THE PROBLEM
The copy you return must begin at the line containing "Cocktail eller likørglas." and end at the final line of the listing below, with every picture left out.

DATASET SECTION
════════════════

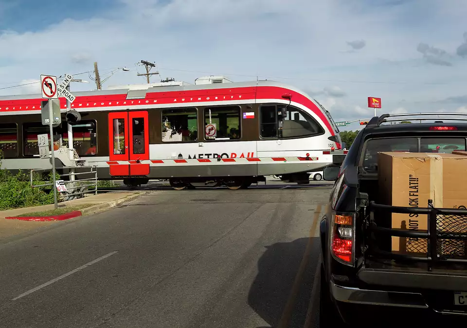 Austin's MetroRail commuter line along Airport Boulevard near 45th Street.
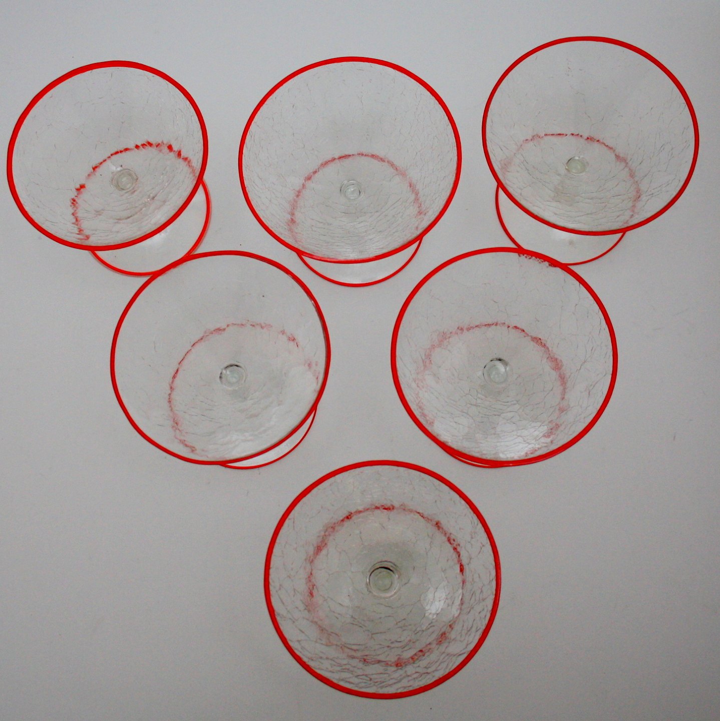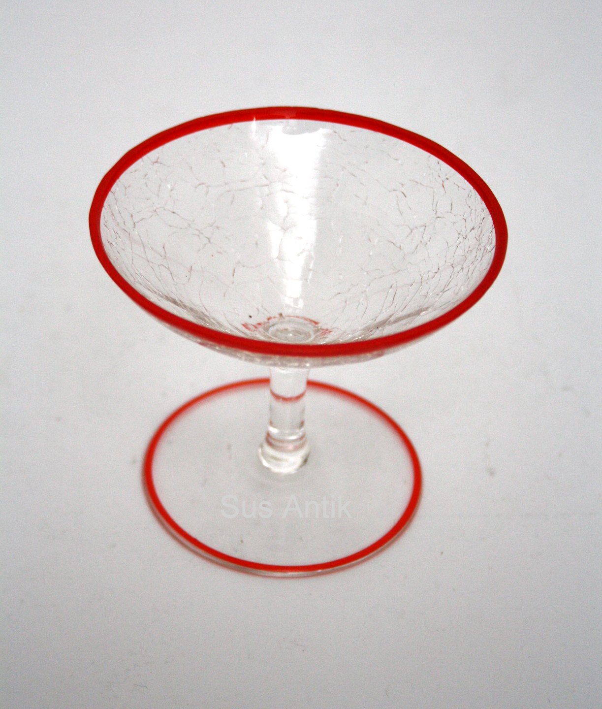 Cocktail eller likørglas. Cracquelé med rød emaljeret kant. Højde 7 cm. Diameter 8,5 cm. Pris: SOLGT
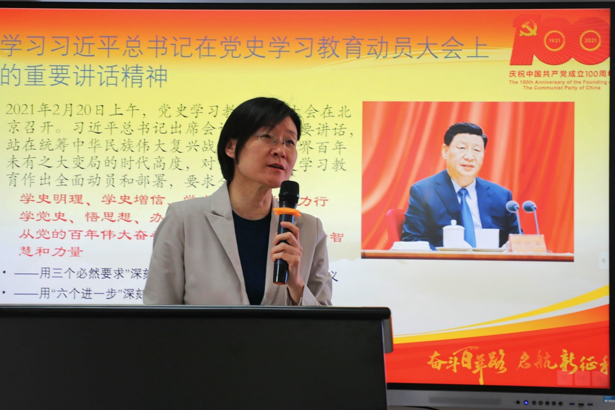 党委书记旋天颖带领大家共同学习了习近平总书记《在党史学习教育动员大会上的重要讲话精神》。她强调,习近平总书记讲话中对党史学习教育作出了全面动员部署、提出了明确目标要求,公司全体师生党员要高度重视,提高思想站位,立足实际、守正创新,深刻领会党史学习教育的重大意义;准确把握党史学习教育的目标要求;认真落实党史学习教育的重点内容;切实增强党史学习教育的实际成效,确保高标准高质量完成学习教育各项任务。

════════════════

EXERCISE OUTPUT
 Cocktail eller likørglas. Cracquelé med rød emaljeret kant. Højde 7 cm. Diameter 8,5 cm. Pris: SOLGT
 党委书记旋天颖带领大家共同学习了习近平总书记《在党史学习教育动员大会上的重要讲话精神》。她强调,习近平总书记讲话中对党史学习教育作出了全面动员部署、提出了明确目标要求,公司全体师生党员要高度重视,提高思想站位,立足实际、守正创新,深刻领会党史学习教育的重大意义;准确把握党史学习教育的目标要求;认真落实党史学习教育的重点内容;切实增强党史学习教育的实际成效,确保高标准高质量完成学习教育各项任务。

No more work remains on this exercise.